Born in Richmond, Virginia, Gary was a graduate of the University of Richmond (B.A., 1912, LL.B., 1915). He was admitted to the bar in 1915 and commenced practice in Richmond, Virginia. Gary served in the United States Army during World War I, and subsequently served as counsel and executive assistant of the Virginia tax board from 1919 to 1924. From 1926 to 1933, Gary served in the Virginia House of Delegates.
Gary also served as a member of the board of trustees of the University of Richmond.

Gary was elected as a Democrat to the Seventy-ninth Congress by special election, March 6, 1945, to fill the vacancy caused by the resignation of Dave E. Satterfield, Jr.

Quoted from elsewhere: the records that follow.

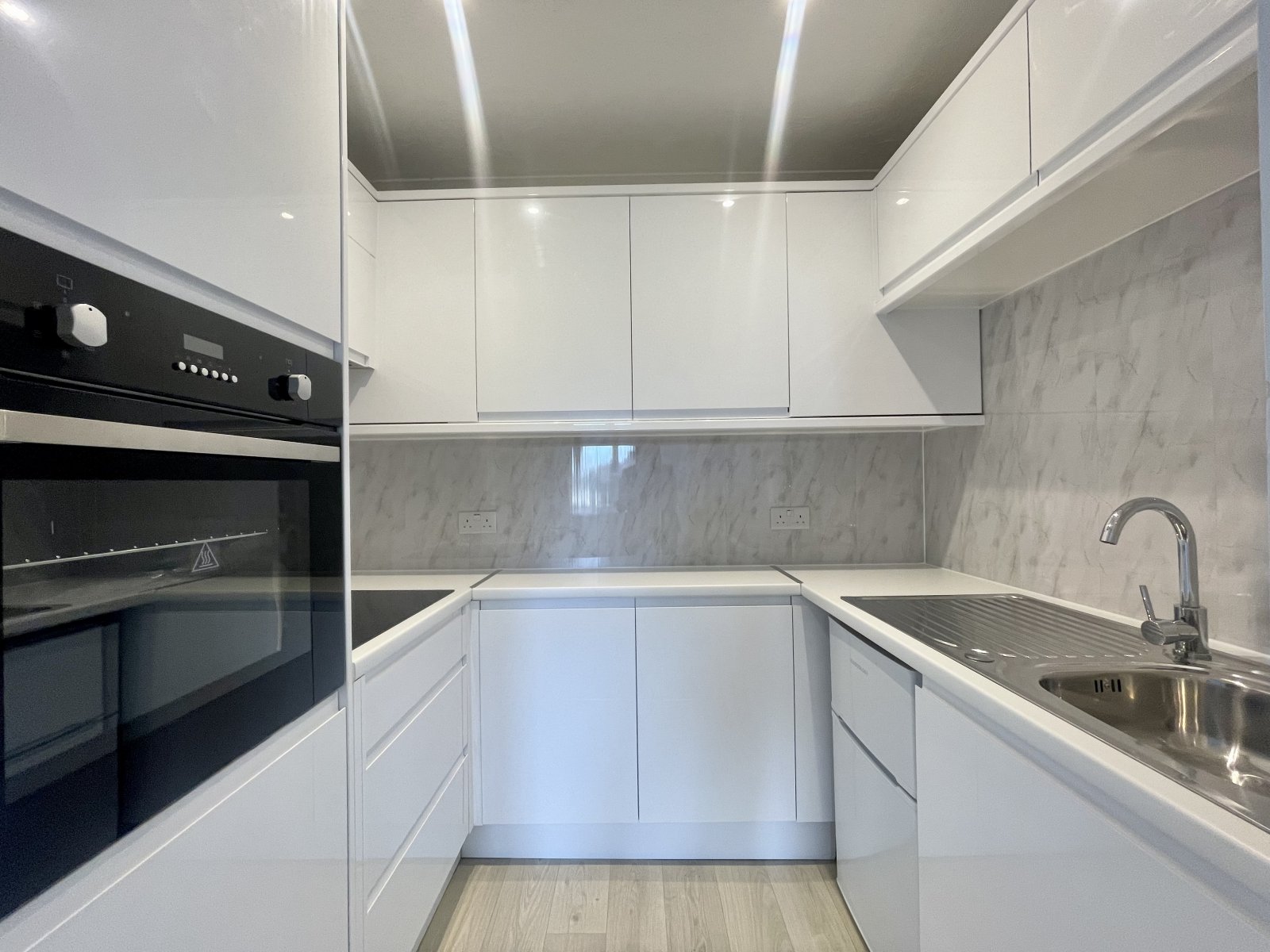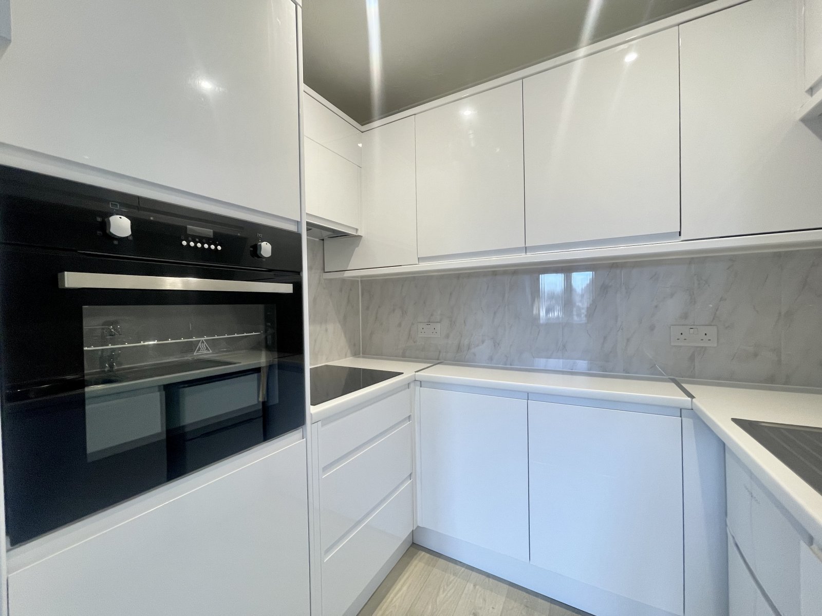 Fitted with a brand new range of high gloss base and eye level cabinets incorporating a rolled edge working surface, inset stainless steel sink with mixer tap and drainer unit. New Inset four burner ceramic hob with recessed extractor hood above. New Integrated fan assist oven. Space for under counter fridge/freezer (Brand new existing uit too remain). Panelled splash back. Wood effect vinyl flooring. Emergency pull cord system. Coved cornice to ceiling.
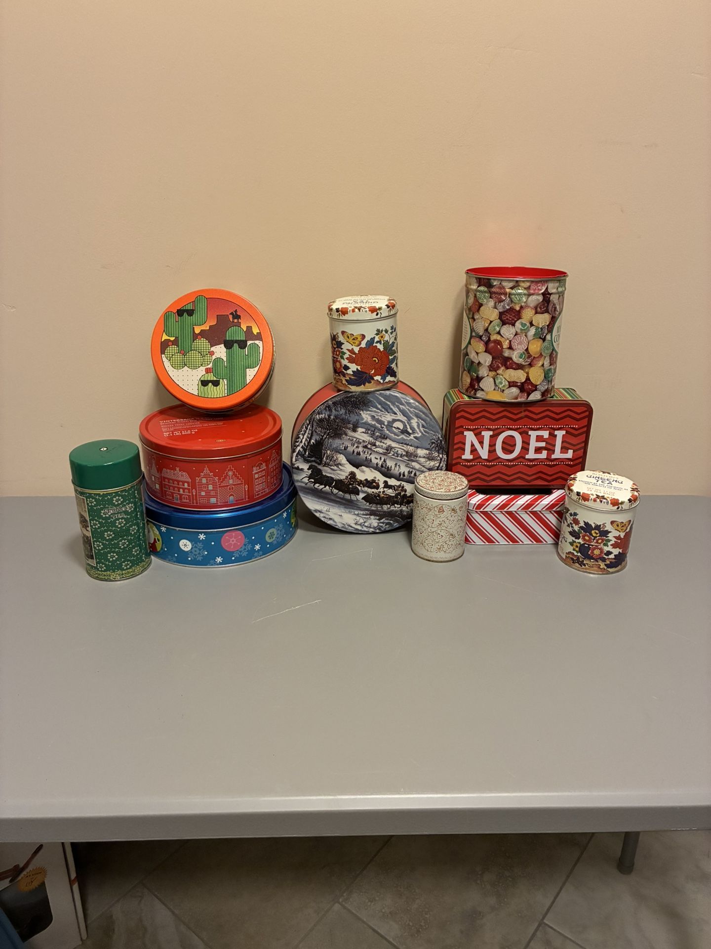 Eleven cans various sized for decoration or storage or cookie exchange/gift.
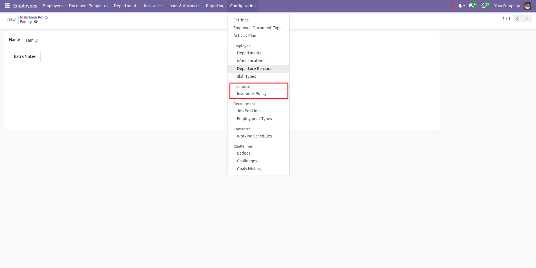Go to the Employee module, click on Configuration, and then select Insurance Policy to manage and configure employee insurance policies.
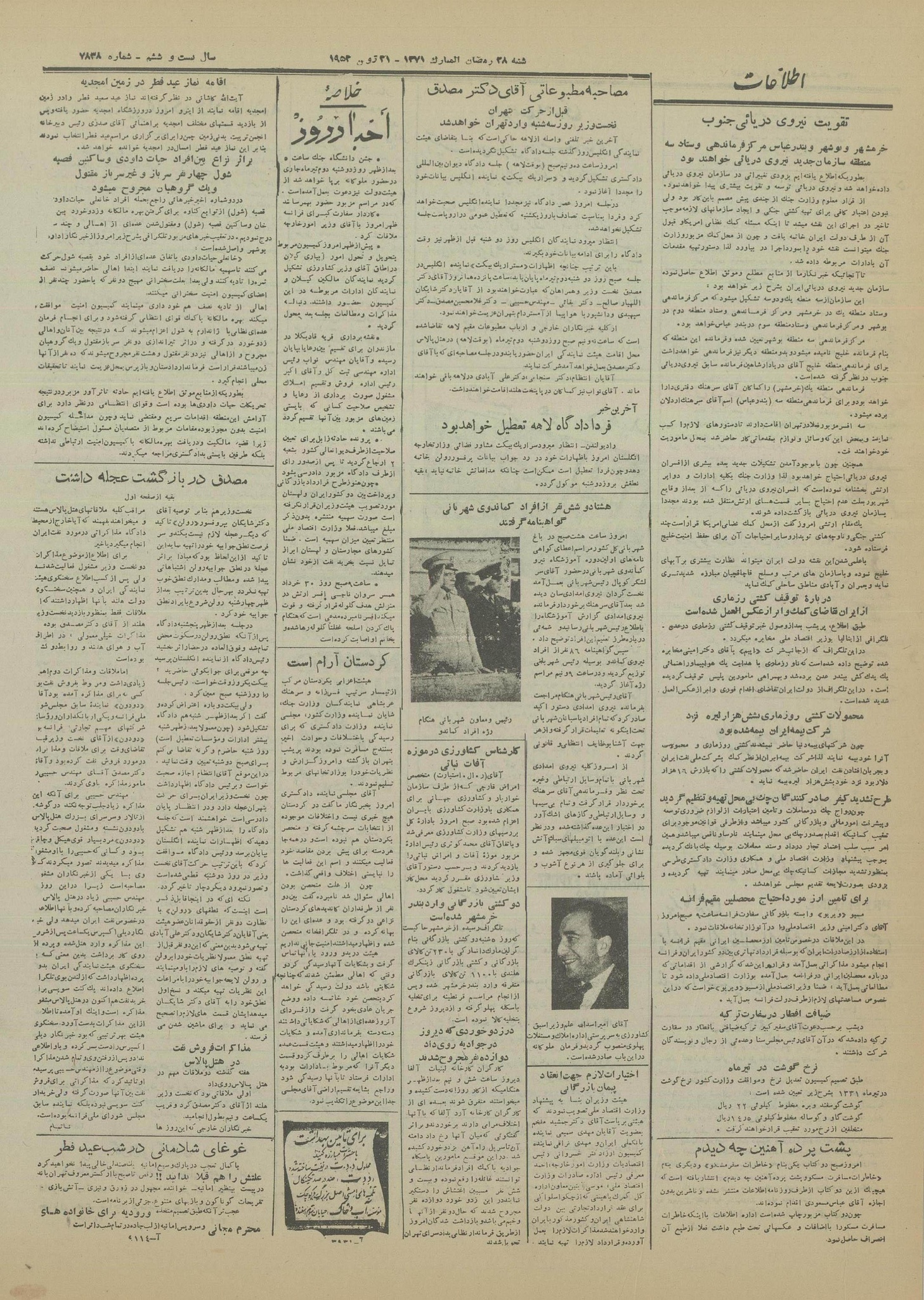 | کنونی | ۲۵ سپتامبر ۲۰۲۲، ساعت ۱۰:۵۷ | ۴٬۴۹۷×۶٬۳۱۰، ۱۰ صفحه (۹٫۳۹ مگابایت) | Bijan (گفتگو | مشارکتها) | == خلاصه == {{PD-Iran}} رده:روزنامه اطلاعات سال ۱۳۳۱ |

He was reelected to the nine succeeding Congresses and served from March 6, 1945, to January 3, 1965, during which time he was a signatory to the 1956 Southern Manifesto that opposed the desegregation of public schools ordered by the Supreme Court in Brown v. Board of Education. He was not a candidate for renomination in 1964 to the Eighty-ninth Congress, and he subsequently resumed this private law practice in Richmond. Upon his retirement, Gary continued to reside in Richmond, where he died September 6, 1973. He is buried in Hollywood Cemetery.

==Electoral history==
- 1945; Gary was elected to the U.S. House of Representatives with 48.55% of the vote, defeating fellow Democrat Ashton Dovell and Republican Curtis M. dozier.
- 1946; Re-elected with 73.35% of the vote, defeating Republican Earle Lutz.

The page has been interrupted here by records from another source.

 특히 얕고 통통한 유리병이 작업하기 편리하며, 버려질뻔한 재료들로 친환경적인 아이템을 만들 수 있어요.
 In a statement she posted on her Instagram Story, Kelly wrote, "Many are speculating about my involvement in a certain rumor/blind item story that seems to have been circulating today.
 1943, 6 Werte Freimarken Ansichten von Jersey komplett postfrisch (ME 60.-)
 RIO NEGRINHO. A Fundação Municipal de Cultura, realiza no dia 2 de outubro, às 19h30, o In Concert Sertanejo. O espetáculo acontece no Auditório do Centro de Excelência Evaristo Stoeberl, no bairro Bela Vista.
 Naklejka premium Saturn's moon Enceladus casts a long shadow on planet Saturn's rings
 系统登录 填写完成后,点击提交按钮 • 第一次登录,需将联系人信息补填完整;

- 1948; Re-elected with 72.94% of the vote, defeating Republican Richard C. Poage, Independent David P. Bennett, and Socialist Mary D. Fleet.
- 1950; Re-elected with 89.73% of the vote, defeating Independent Phronia A. McNeill and Social Democrat Kathryn Bernstein.

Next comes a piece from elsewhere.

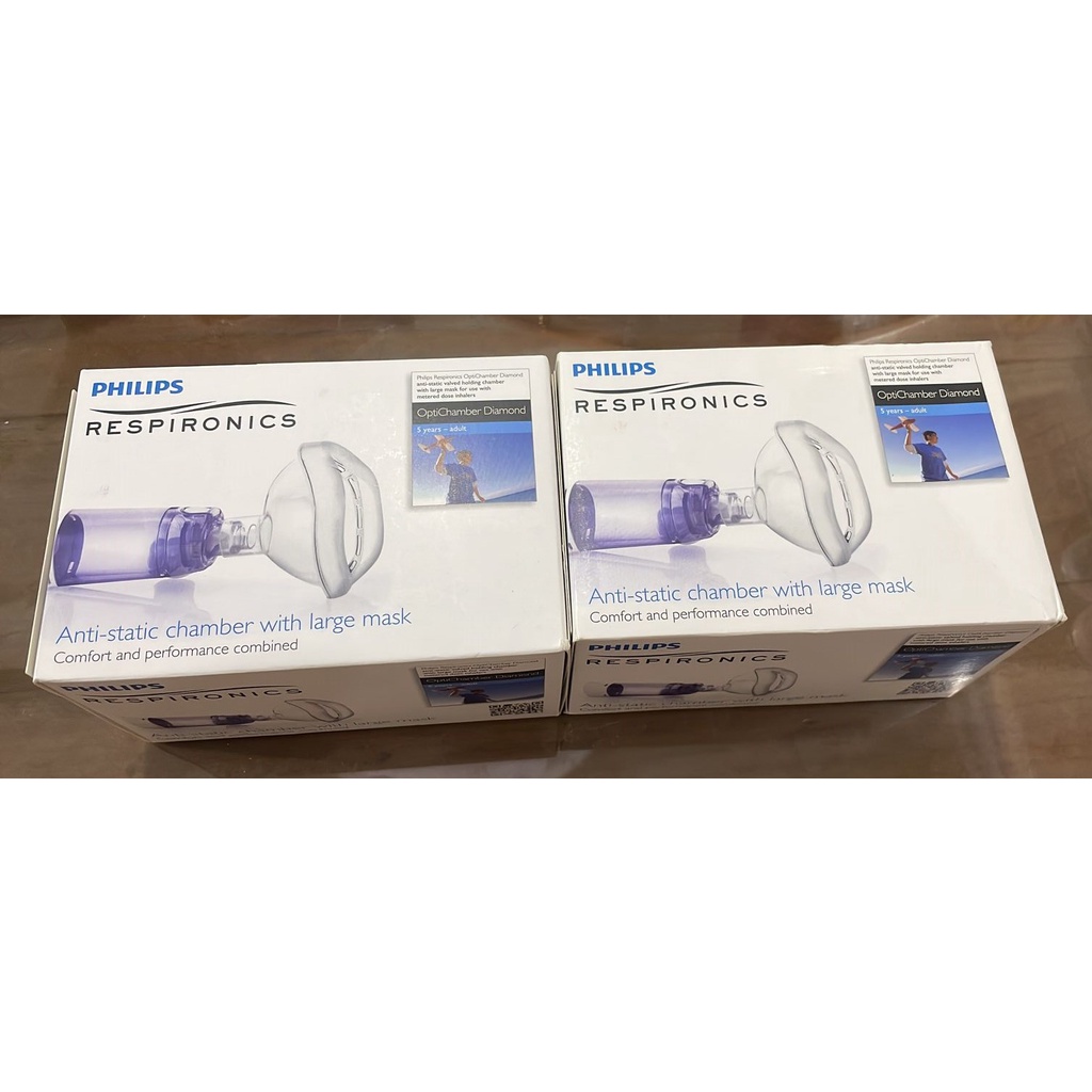 Philips Respironics OptiChamber Diamond Anti-Static Chamber With Large Mask - Comfort and Performance Combined with Large Mask for use with metered dose inhalers ORI 100% SEGEL DISTRIBUTE FROM SINGAPORE

- 1952; Re-elected with 57.67% of the vote, defeating Republican Walter R. Gambill.
- 1954; Re-elected with 58.01% of the vote, defeating Republican J. Calvitt Clarke.
- 1956; Re-elected with 59.07% of the vote, defeating Republican Royal E. Cabell.
- 1958; Re-elected with 76.14% of the vote, defeating Republican Richard R. Ryder.
- 1960; Re-elected with 78.02% of the vote, defeating Independent Thomas Coleman Andrews, Jr.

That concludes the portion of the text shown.